The acoustic model training method according to one aspect of this disclosure, further comprises providing first status information indicating a status of the first training job to a second user different from the first user, based on a first disclosure instruction from the first user.
The acoustic model training method according to one aspect of this disclosure further comprises displaying the first status information on a first device used by the first user, and displaying the first status information on a second device used by the second user based on the first disclosure instruction.

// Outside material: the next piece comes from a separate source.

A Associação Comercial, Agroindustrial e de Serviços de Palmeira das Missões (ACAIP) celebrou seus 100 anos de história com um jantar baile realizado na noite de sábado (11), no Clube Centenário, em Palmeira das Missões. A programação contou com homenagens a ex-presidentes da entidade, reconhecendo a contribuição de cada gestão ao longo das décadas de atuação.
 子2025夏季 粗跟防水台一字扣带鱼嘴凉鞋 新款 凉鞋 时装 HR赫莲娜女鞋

In the acoustic model training method according to one aspect of this disclosure, the status of the first training job changes with passage of time, and the acoustic model training method further comprises displaying the first status information on a second device used by the second user such that the first status information is repeatedly updated.
The acoustic model training method according to one aspect of this disclosure further comprises displaying a progress of the status of the first training job as the first status information.

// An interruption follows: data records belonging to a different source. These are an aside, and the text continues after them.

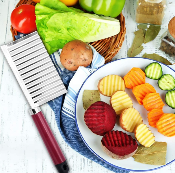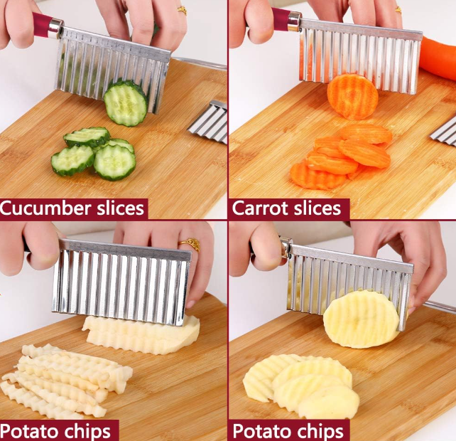 Acum poti felia foarte rapid si usor legumele si branzeturile tale preferate cu acest cutit ondulat.
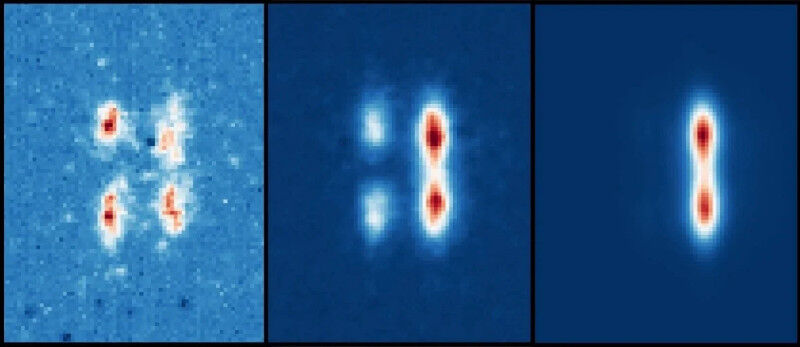 Bosons, by contrast, like to do things together and prefer to all share the same state. Photons are part of this group. If you cool enough of them down and shut them up together in a tiny space, they merge into a kind of gigantic "super-photon." But what if you forced the light particles to take on one of two slightly different colors first? Would that make two differently colored super-photons? Or would they all pick the same color to satisfy their urge to conform?
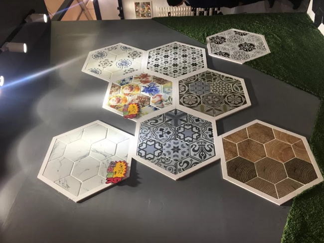 記者看到,德順陶瓷展位主要是地面磚,產(chǎn)品種類(lèi)豐富,有六角磚、小花磚、歐式文藝花磚、現(xiàn)代仿古磚、幾何花磚等等,主要產(chǎn)品70%以上出口到世界各個(gè)國(guó)家,是一家以出口為導(dǎo)向型的企業(yè)。
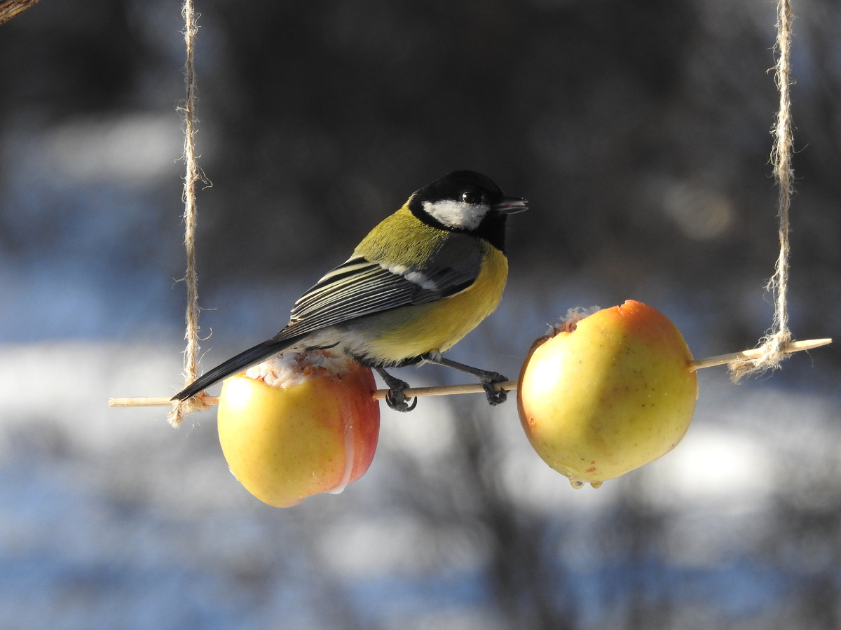 Да, такую кормушку можно повесить и не думать об ее утилизации, по крайней мере, в лесопарковой зоне. У меня такие кормушки в парке кто-то периодически ломает, тогда приходится отвязывать обрывки бечевки и обломки деревянной шпажки. Итак, берем яблоки, я брала 2 или 3, вырезаем сердцевину, но так, чтобы дно осталось, и укладываем внутрь мелко нарезанное сало вперемешку с семенами, орехами или арахисом. Можно сверху еще полить чуть-чуть растопленного сала. Протыкаете деревянной шпажкой или палочкой для суши, к концам привязываете натуральную бечевку, и на ночь можно в морозилку, чтобы начинка схватилась, а можно и сразу привязать к ветке.
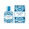 Le flacon aux lignes courbes et au bouchon émaillé est orné de motifs décoratifs en majolique bleue de Capri.
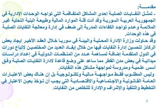تتناول الوثيقة إدارة النفايات الصلبة في الجمهورية العربية السورية، حيث تواجه البلاد تحديات عديدة في هذا المجال نتيجة لضعف الأداء والموارد المالية المحدودة. تشمل الجهود الحكومية إدخال تدريبات ودراسات لتحسين الأساليب المتبعة، بالإضافة إلى تنفيذ مشاريع مختلفة لتحسين إدارة النفايات في المدن الكبرى.

The acoustic model training method according to one aspect of this disclosure further comprises displaying the first status information at a timing of a disclosure request on a second device used by the second user based on a disclosure request made by the second user.
The acoustic model training method according to one aspect of this disclosure further comprises receiving, as a second waveform set, one or more waveforms newly selected by the first user using the interface, and starting execution of a second training job using the second waveform set, based on a second execution instruction from the first user, and the first training job and the second training job are executed in parallel.
The acoustic model training method according to one aspect of this disclosure, further comprises providing at least one of first status information relating to the first training job or second status information relating to the second training job, or both, to a second device of a second user different from the first user, based on a disclosure instruction from the first user.
The acoustic model training method according to one aspect of this disclosure, further comprises billing the first user in accordance with a first execution instruction from the first user, and starting execution of the first training job upon confirmation of payment for the billing.
The acoustic model training method according to one aspect of this disclosure, further comprises receiving a space ID that specifies a real space, and linking the space ID with account information of the first user for a service that provides the acoustic model training method.
The acoustic model training method according to one aspect of this disclosure further comprises billing the first user having the account information linked to the space ID.
The acoustic model training data according to one aspect of this disclosure further comprises receiving musical score data representing sounds constituting a musical piece played in the real space, together with sound data of recording of singing or performance sounds during at least a portion of a playback period of the musical piece, and storing, as one of the plurality of pre-stored sound waveforms, the sound data linked with the musical score data.
The acoustic model training method according to one aspect of this disclosure, further comprises recording the sound data of a specified period of the playback period, based on a recording instruction from the first user.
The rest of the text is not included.